For me and to their families at least, every OFW and pinoy expatriates are “outstanding”. They are the reason “kuya”, “ate” and “nene” finished college. They may not be their to be among us in times of celebration and difficulties. But the “hamon” and “mansanas” during Christmas and paid medical bills of “tatay”, “nanay” or “lolo” and “lola” are reminders enough of their presence. They are the very reason why the Philippines is surviving while other nation suffers in these global financial crises.

So, if you think your pastor in your weekly “alive” group deserves it or the sports organizer of your “samahan” warrants recognition, you may submit their names here. Deadline of entries is until February 29.

May the “winners” worthy of the accolades.

Tuesday, February 14, 2012

Goyong And Lucit

In his younger days, my grandfather was popular among his peers. I didn’t know that until one of my barkada’s grandmother asked me; “Kaano-ano mo si Goyong?” When I answered I’m his “apo”, she began telling me stories about my grandfather’s “escapades” during his student days. It was “colorful” and at the same time strangely creepy. She’s almost as if talking about me. Older relatives would comment - I’m his “carbon copy”. It makes me wonder if the reason why the bond between my lolo and I was strong was because he saw himself in me, both in attitude and appearance. Perhaps it’s true, but we differ in “taste” when it comes to choosing a partner in life.

My grandmother was the opposite of my grandfather. Goyong was the eldest, Lucit was the youngest. He was “fair”, she’s “dark”, got kinky hair and a “hauty-tauty” attitude (“trademarks” in her side of the family). I wouldn’t give a second glance if I meet a girl like her.

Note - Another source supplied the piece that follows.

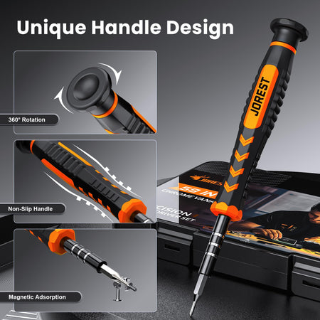 - 【Slip-resistant rotatable handle】-- All our screwdriver bits are made of high quality CR-V chrome vanadium steel. CR-V screwdriver bits do not rust easily and are not prone to be broken. The screwdriver handle is made of TPR and PP materials, with a special non-slip design, offering a sense of comfortable. The top of the handle is rotatable design which makes it more convenient to remove the screws; the handle head and the screw head has magnetic adsorption which can quickly replace the screws.

Out of curiosity, I asked my grandfather what he sees that he chose to marry her; he’d smile and said “she’s meticulous and organized”. Maybe that’s the “quality” he was looking for. Between the two of them, their sheer hard work and determination produced two professionals without any help from anybody. My father and my aunt were the first engineer and doctor hailed from their place. An achievement that earned my grandparents the respect of their town.

Perhaps love was also a factor because in spite of Lucit’s “kasupladahan”, Goyong took it in stride. A grand aunt once told us a story about my grandparents when Lola was pregnant with my father. It's not exactly a scene from Romeo and Juliet but if things didn’t go her way, she’ll climb on the veranda and threatened my lolo; “Goyong, tatalon ako, tatalon ako!” And Lolo on the ground, arms stretched out (as if that’s enough to support the force and weight if she decided to jump) pleaded for her to come down. Later in life, when I teased him about it, he’d just smirked and said “Eh, di tumalon sya ngayon!”

When Lolo passed away at a ripe age of 90, I asked my aunt a silly question; “Aunty, what if some strangers comes to attend Lolo’s wake and tell us they are Lolo’s children?” My aunt laughed and said she’ll welcome them with open arms. It happened that Lucit overheard us and she indignantly blurted “My Goyong would never do that to me!” So I ribbed Lola; “When Lolo was still able, he goes at dawn to tend his farm and arrives home before dusk while you just stayed home. That’s almost 12 hours a day, six days a week that you don’t know what he was doing out there”. And that did it. Her blood pressure shoots up and my aunt had to inject her with something to calm her down. When my father arrived, he inquired why “Nanay” is in bed. Somebody told him. Batok at mura lang naman ang inabot ko sa tatay ko.

Now and then, I still get misty eyed every time I remember my grandparents, especially my lolo. I missed him a lot.

BTW, Happy Valentines to all of you!